Photo Credit: MoneyStrands
COVID-19 pandemic is one of the toughest situations modern governments have had to deal with. The pandemic has claimed many lives and endangered others. According to Financial Times, “COVID-19 is the most adverse peacetime shock to the global economy in a century”. Moreover, this recession “is the first since 1870 to be triggered solely by a pandemic.”
However, tough times are great teachers too. COVID-19 has taught us the importance of financial preparedness in order to tackle adverse eventualities.

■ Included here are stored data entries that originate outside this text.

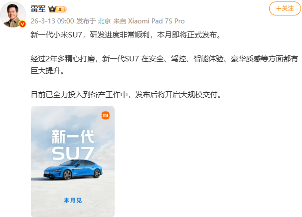 3月13日,雷军发布微博:新一代小米SU7,研发进度非常顺利,本月即将正式发布。经过2年多精心打磨,新一代SU7 在安全、驾控、智能体验、豪华质感等方面都有巨大提升。目前已全力投入到备产工作中,发布后将开启大规模交付。
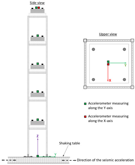 - The floor acceleration, which is intended as the acceleration (yj) of the j-th floor (j = 1,2, …, 5) with respect to the ground and along the direction of the excitation (y-axis);
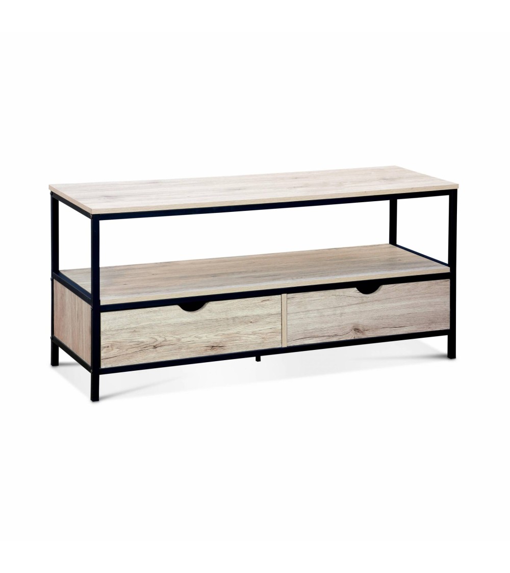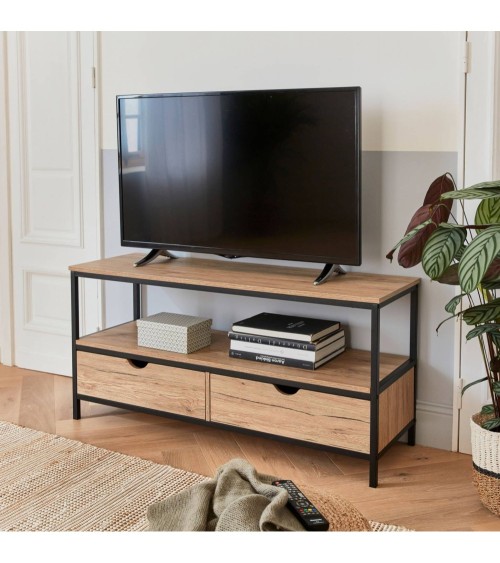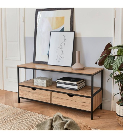 Meuble TV en décor bois et métal . Loft Les + produit Structure en métalDotée d'une étagère et de 2 tiroirs Facile d'entretienAprès plus de 10 ans d'expérience dans l'équipement extérieur, c'est tout naturellement (avec laide de nos clients inspirés et collaborateurs motivés) que la gamme Alice's Home spécialisée dans le mobilier et léquipement d'intérieur voit le jour, en gardant toujours les mêmes promesses.La collection Loft s'inscrit dans un style résolument industriel. Les meubles de cette gamme conjuguent l'authenticité du décor bois et l'esprit moderne du métal. Table et banc encastrable, étagère, bibliothèque, console... Les meubles Loft sauront trouver leur place dans votre maison grâce à leur design simple et leurs matières intemporelles. Un meuble TV à l'esprit loft Ce meuble TV viendra apporter un charme industriel à votre pièce de vie. Il associe harmonieusement le métal et le décor bois, clin d'oeil aux anciennes usines. Ses lignes droites et épurées en font un meuble élégant aux allures intemporelles qui deviendra vite la nouvelle pièce maîtresse de votre salon. Fonctionnel et pratique Non seulement élégant, ce meuble est aussi fonctionnel. Son plateau permet d'accueillir une télévision ainsi que d'autres objets de décoration. L'étagère et les deux tiroirs sont parfaits pour ranger votre décodeur

Here are 6 lessons on personal finance that we can draw from the COVID-19 experience:
1. Emergency funds are not wasted assets:
Some people consider emergency funds to be wasted assets. However, COVID-19 has proved this to be false. According to The Conversation (a network of not-for-profit media outlets that publish news stories written by academics and researchers): “UN agencies estimate that 1.5 billion people – half the global labour force – will become unemployed, with 500 million thrust back into poverty while 250 million could face famine, reversing all the gains of the past two decades.” Emergency funds are funds one can fall back at difficult times such as a pay cut, delay in salary or job loss. It is an important asset class. Money experts advise that one should have 3 to 6 months’ (or even 12 months’) worth of monthly expenses as emergency funds.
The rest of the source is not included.